Rio, 20/setembro/2012 – Em uma profilática medida de defesa dos interesses nacionais, o governo da Federação Russa determinou a cessação das atividades da Agência dos Estados Unidos para o Desenvolvimento Internacional (USAID) em seu território. Com a decisão, o escritório da agência terá que fechar as portas até o próximo dia 1º. de outubro, encerrando duas décadas de atividades no país. Segundo o porta-voz do Ministério das Relações Exteriores da Federação, Alexander Lukashevich, a decisão foi tomada pelo governo russo após a conclusão de que a agência proporcionava fundos para organizações não-governamentais (ONGs) que interferir no processo político interno: “Tratam-se de tentativas de influenciar o processo político, inclusive eleições de vários tipos, e as instituições da sociedade civil, por meio da distribuição de doações” (Novosti, 19/09/2012).

Segundo o porta-voz, o governo russo está preocupado com a atuação da USAID em regiões como o Norte do Cáucaso, onde se manifesta uma insurgência islâmica (que tem todas as “credenciais” de estar sendo, em grande medida, insuflada por serviços de inteligência estrangeiros).

Em uma entrevista coletiva, na quinta-feira 20 de setembro, o porta-voz do Kremlin, Dmitry Peskov, não deixou margem a dúvida sobre a origem da decisão, ao afirmar que o presidente Vladimir Putin tem uma “posição idêntica” sobre a atuação da USAID no país (Novosti, 20/09/2012).

Como é notório na Rússia, a USAID é uma das principais financiadoras das ONGs e grupos políticos que fazem oposição sistemática a Putin, encabeçando um aparato intervencionista constituído ainda pela semioficial Fundação Nacional para a Democracia (National Endowment for Democracy-NED) e fundações privadas como a Freedom House e outras – esquema que teve participações decisivas nas chamadas “revoluções coloridas”, na Ucrânia, Geórgia e outros países do antigo bloco soviético, embora o seu sucesso tenha se limitado a Kiev e Tbilisi. Nos 20 anos de operação na Rússia, a agência distribuiu recursos no montante de 2,6 bilhões de dólares a diversas entidades locais, em programas de saúde, meio ambiente e “fortalecimento da sociedade civil”.

A iniciativa do Kremlin se insere no contexto de uma decisão de impor sérias restrições à operação de ONGs que recebam recursos externos, sejam nacionais ou estrangeiras, que, segundo uma lei recentemente aprovada pelo Parlamento russo, terão que registrar-se oficialmente como “agentes estrangeiros” operando no país.

As reações estadunidenses variaram entre a cautelosa e a arrogante, mas deixando claro que a agenda de interferência na Rússia deverá prosseguir, de um jeito ou de outro. A porta-voz do Departamento de Estado, Victoria Nuland, entrou na primeira categoria:

Os EUA receberam recentemente a decisão do governo russo de encerrar as atividades da USAID na Federação Russa… Embora a presença física da USAID chegará ao fim, nós permanecemos comprometidos em apoiar a democracia, os direitos humanos e o desenvolvimento de uma sociedade civil mais robusta na Rússia, e procuraremos continuar a nossa cooperação com ONGs russas (Reuters, 18/09/2012).
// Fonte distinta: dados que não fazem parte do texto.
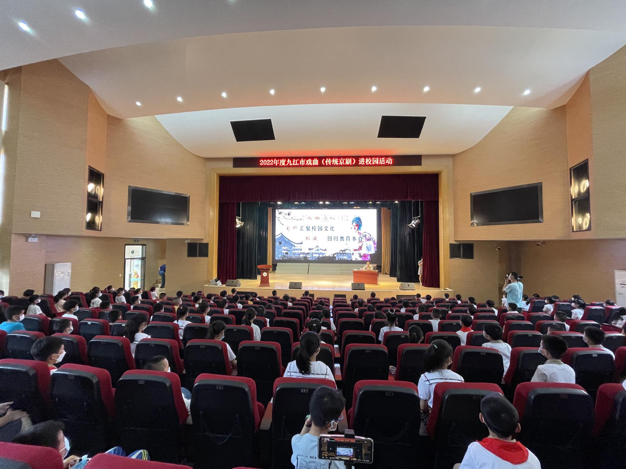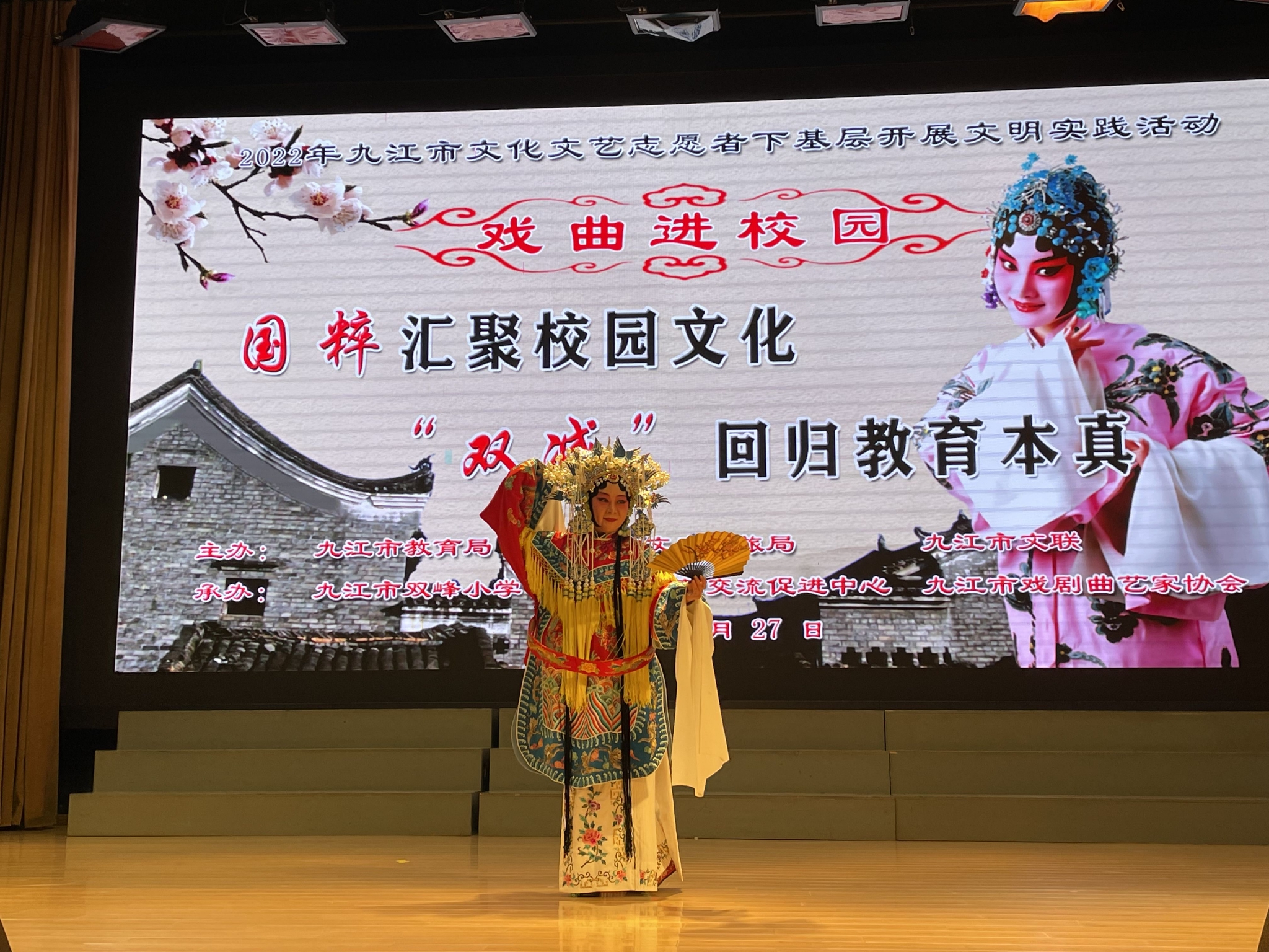 国粹汇聚校园文化,“双减”回归教育本真,为弘扬国粹,传承戏曲经典,让学生近距离接触和了解戏曲文化,感受中华优秀传统文化的博大精深,5月27日上午,由九江市文广新旅局、九江市文联、九江市教育局联合主办,九江市演艺交流促进中心、九江市戏剧曲艺家协会、九江市双峰小学承办的戏曲进校园活动在双峰小学新校区小剧场举行。

Já o Washington Post dedicou uma longa reportagem ao assunto, na edição de 20 de setembro, cujo tom geral foi o de um ataque a Putin, pelos “suspeitos de sempre”:

“Uma clara condenação das ações de Putin é necessária, por princípio e para demonstrar apoio àqueles russos valentes que estão fartos da corrupção rampante, dos abusos e da mão pesada das autoridades”, disse o presidente da Freedom House, David J. Kramer. “O governo dos EUA deveria deixar claro que o apoio permanecerá inalterado para as organizações não-governamentais russas.”

O New York Times (18/09/2012) rotulou a decisão como uma “provocação do Kremlin” e anunciou que ela foi amplamente recebida em Washington “como uma afronta”. O jornal menciona o senador John McCain (republicano-Arizona) como um dos “afrontados”, tendo dito que se tratou de “um insulto aos EUA e um dedo no olho do governo Obama, que tem trombeteado consistentemente o alegado sucesso da sua assim chamada política de reinício com Moscou”.

A iniciativa do Kremlin – e as reações a ela – denotam um entendimento bastante preciso das formas de intervenção estrangeira nos assuntos internos da nação ou, como chamam alguns estrategistas ocidentais, “soft power” (poder suave). Sem querer sugerir que certas nações ao sul do equador tomem medidas semelhantes – afinal, a USAID tem uma longa tradição de atuação nelas -, seria de muito bom alvitre que as autoridades locais prestassem uma atenção maior nas atividades da agência estadunidense.
 

Fonte: Alerta Científico e Ambiental é uma publicação da Capax Dei Editora Ltda.